I pity the fool who tries to calculate this!

OK, so first things first. I need to define a few functions I am going to use. Let E(n) be the expenses to build a Menger Sponge and W(n) be the weight of the Menger Sponge. W(n) looks easier, so I will start there.

To calculate the total weight of a lot of small objects, you can multiply the weight of one of the objects by the total number of objects. Now by looking at various shipping companies, they ship business cards in boxes of 100, and on average 5 of those boxes is about 2 lbs. So (ignoring the weight of the 5 boxes), the weight of 1 business card is 1/250 lbs. We also know that there are 6 business cards per cube, so the total number of business cards is 6 times the number of cubes.

I can't help but think we missed out on a better cube opportunity here...

One way to think about going from the n sponge to the n+1 sponge is to recognize that you are making a giant sponge out of sponges one size smaller. By looking at the geometry of the structure (8 corner boxes and 12 side boxes), each new larger box requires 20 of the smaller boxes. So 20ⁿ describes the number of boxes required to build Sponge n. This means that there are 6*20ⁿ cards required to build Sponge n. Now we know that:

W(n) = (Weight of 1 Card) * (Number of Cards to Build Sponge n)

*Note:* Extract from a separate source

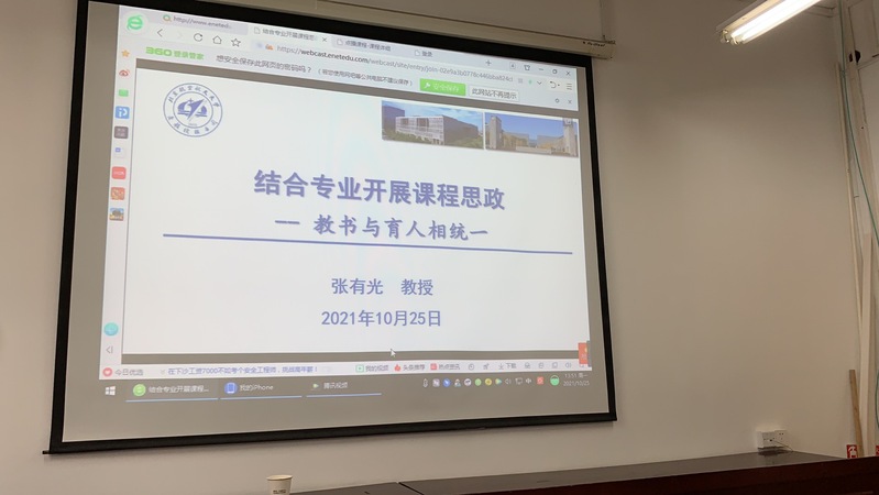 2021年10月25日下午,通信工程学院在一教北314举行教学活动,观看北京航空航天大学张有光教授的线上教学讲座,主题为“结合专业开展课程思政-教书育人相统一”。教学副院长应娜、新进青年教师以及部分优课负责人参加本次活动。

W(n) = 1lb/250cards * 6*20ⁿ cards

W(n) = 6/250*20ⁿ (lbs)

Now let's look at the expenses.

The expenses incorporates both the cost of materials (let's call this M(n)) and production (P(n)). Well the cost of materials should be easy since we already know the number of cards required to build Sponge n. After looking around the internet, it seems that 100 plain white cards approximately the size of a business card costs $10. This means that each card costs $0.10.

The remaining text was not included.